First, we show that $ (v, T(v)) $ is a linearly dependent list. Assume that $ (v, T(v)) $ is linearly independent. Then we can extend $ (v, T(v)) $ to a basis, $ (v, T(v), u_1, …, u_n) $. Let $ S $ be the linear map defined as $S(av + bT(v) + c_1 u_1 + \dots + c_n u_n) = bv $. Thus, $S(v + T(v)) = v$ but $S(v + T(v)) = S(v) + S(T(v)) = 0 + T(S(v)) = 0 + T(0) = 0 $. This gives us a contradiction since $T$ is assumed to be linearly independent but supposedly $ v = 0 $. Thus, $ (v, T(v)) $ must be linearly dependent for all $ v \in V $.

While we now know that $ T(v) = a_v * v $ for some $ a_v \in F $, we still have to show that $ a_v $ isn’t dependent on the value of $ v $.

Assume that we have $ v, w \in V $ and $ a_v, a_w \in F $ where $ T(v) = a_v v $ and $ T(w) = a_w w $. We want to show that $ a_v = a_w $ regardless of the values of $ v $ and $ w $.
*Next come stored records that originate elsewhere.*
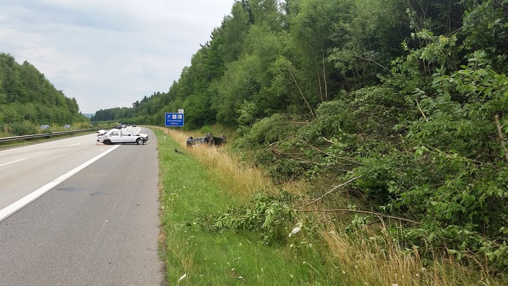 Am frühen Abend gegen 17:00 Uhr ereignete sich auf der BAB 61, FR Ludwigshafen, zwischen den Anschlussstellen Laudert und Rheinböllen ein Verkehrsunfall mit zwei beteiligten Fahrzeugen. Ein 23-jährige Pkw-Fahrer fuhr, den rechten von zwei Fahrstreifen befahrend, auf einen vorausfahrenden Pkw auf. In der Folge verloren beide Fahrzeugführer die Kontrolle über ihre Pkw, kollidierten mit der Schutzplanke bzw. wurden von der Fahrbahn auf den Grünstreifen abgewiesen. Der Pkw des Unfallverursachers überschlug sich hierbei. Beide Fahrzeuge waren nicht mehr fahrbereit und mussten abgeschleppt werden. Insgesamt wurden vier Personen verletzt und notärztlich versorgt. Die Ermittlungen zur Unfallursache dauern noch an. Während der Unfallaufnahme kam es zu ca. 3 Km Rückstau. Die Gesamtschadenshöhe beläuft sich auf schätzungsweise 18.000 Euro.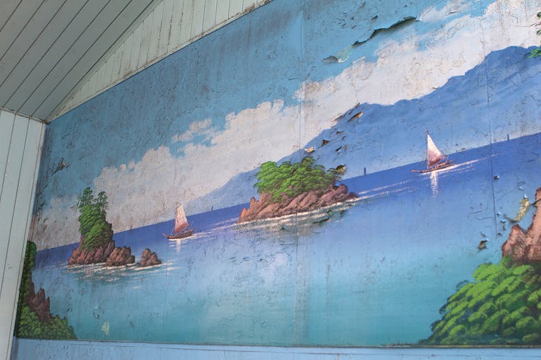 鳩の湯を訪れる度に気にかかるのが、やはりペンキ絵。近くで見ると結構カビてしまっているし、ペンキが捲れ上がり、剥がれてしまっている。毎日長時間湯気にさらされる為、このこと自体は必然なのですが、やっぱりきれいな状態にしてあげたいです。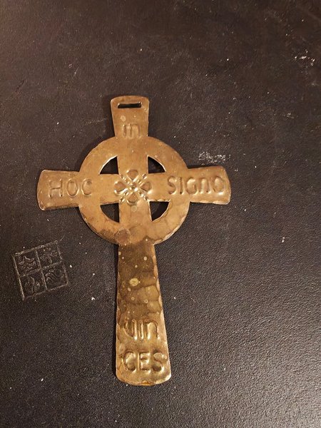 "I detta tecken skall du segra." Bär historiens vingslag runt halsen. Detta kraftfulla bröstkors (10 cm) i hamrad mässing bär det legendariska mottot som kejsar Konstantin såg på himlen och som senare blev Tempelherreordens ledord.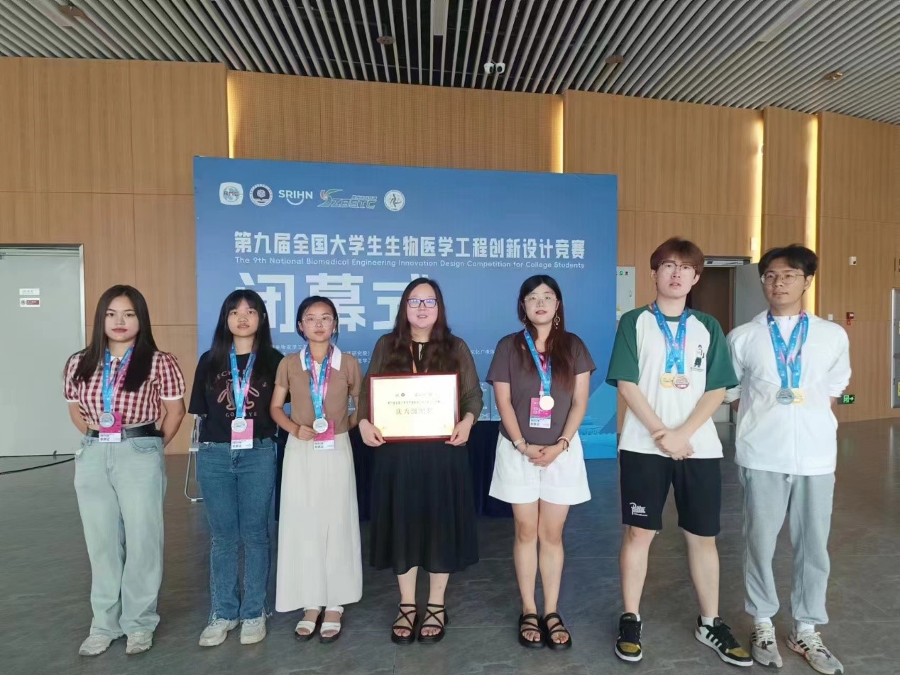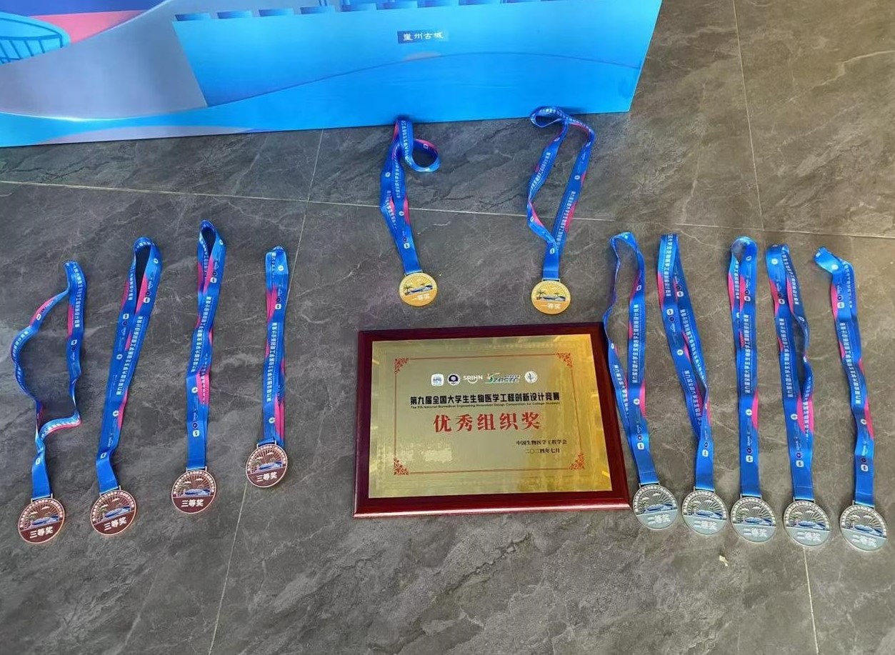 代表队荣获全国一等奖2项(比例不超过全部参赛队伍的5%)、二等奖6项、三等奖5项,同时获得“优秀组织奖”。本次竞赛吸引了包括清华大学、北京大学、复旦大学、浙江大学及上海交通大学等250所高校的近万名学子参加,共接收有效作品2107件,展示我国生物医学工程领域的最新研究成果与创新思维。

First, we do this for the case where $ v $ and $ w $ are linearly dependent. In this case, we know that $ bw = v $ for some $ b \in F $. Thus, we have

$$ \begin{eqnarray} a_v v & = & T(v) \\\\ & = & T(bw) \\\\ & = & bT(w) \\\\ & = & b a_w w \\\\ & = & a_w b w \\\\ & = & a_w v. \end{eqnarray} $$

Second, we do this for the case where $ v $ and $ w $ are linearly independent. Assume that $ T(v+w) = a_{v+w} (v+w) $ and note that we know that $ a_0 v + a_1 w = 0 $ implies $ a_0 = a_w = 0 $. So, we have

$$ T(v + w) = a_{v+w} (v+w) $$

but also

$$ T(v + w) = T(v) + T(w) = a_v v + a_w w, $$

which implies

$$ a_v v + a_w w = a_{v+w} v + a_{v+w} w. $$

Hence,

$$ (a_v - a_{v+w}) v + (a_w - a_{v+w}) w = 0. $$

And since $ a_v, a_w $ is linearly independent, $ a_v = a_{v+w} = a_w $.

Thus, $ a_v = a_w $ for all $ v, w \in V $ and therefore $ T $ is a scalar multiple of the identity map.